Sharing one project among different tenants, and provisioning multiple GKE clusters.
Using Kubernetes namespaces.

Your choice depends on your isolation, complexity, and scalability needs. For example, having one project per tenant isolates the tenants from one another, but the resource hierarchy becomes more complex to manage due to the high number of projects. However, although managing Kubernetes Namespaces is relatively easier than a complex resource hierarchy, this option doesn't guarantee as much isolation. For example, the control plane might be shared between tenants.

Configure identity and access management

Identity and Access Management provides the tools to centrally configure fine-grained access control to cloud resources. For more information, see Identity and Access Management.

Review how Kubernetes RBAC interacts with identity and access management in Google Cloud, and configure the RBAC according to your requirements that you gathered in the assessment phase.

Set up billing

Before provisioning any Google Cloud resources, configure Cloud Billing and understand the GKE pricing model. For more information, see billing.

Set up network connectivity

Network configuration is a fundamental aspect of your environment. Assess the GKE network model and the connectivity requirements of your workloads. Then, you can start planning your network configuration. For more information, see connectivity and networking.

Harden your security

Understanding the differences between your environment's security model and Google Cloud's model and how to harden the security of your GKE clusters are crucial to protect your critical assets. For more information, see security.
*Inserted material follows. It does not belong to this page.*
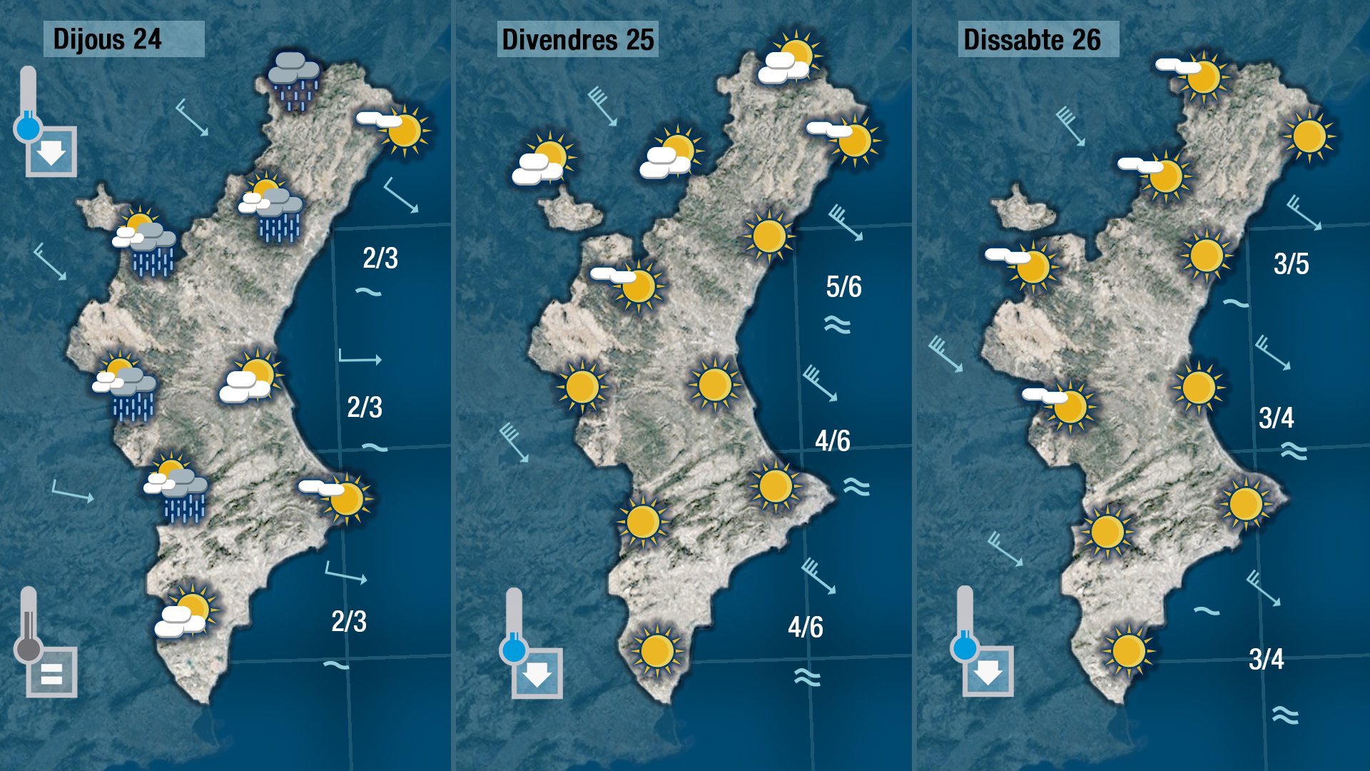 Dijous encara cal esperar un dia prou calorós però a última hora del dia, pot ser durant la vesprada al nord, ens creuarà un front augmentarà la nuvolositat i es registraran pluges dèbils. Serà el tret d’eixida als canvis que notarem a partir de divendres i que tot indica que es mnatindran el cap de setmana.

Set up monitoring and alerting

Having a clear picture of how your infrastructure and workloads are performing is key to finding areas of improvement. GKE has deep integrations with Google Cloud Observability, so you get logging and monitoring information about your GKE clusters and workloads inside those clusters. For more information, see monitoring and alerting.

Deploy your workloads

In the deployment phase, you do the following:

Provision and configure your GKE environment.
Configure your GKE clusters.
Migrate data from your source environment to Google Cloud.
Deploy your workloads in your GKE environment.
Validate your workloads.
Expose workloads running on GKE.
Shift traffic from the source environment to the GKE environment.
Decommission the source environment.

Provision and configure your runtime platform and environments

Before moving any workload to your new Google Cloud environment, you provision the GKE clusters.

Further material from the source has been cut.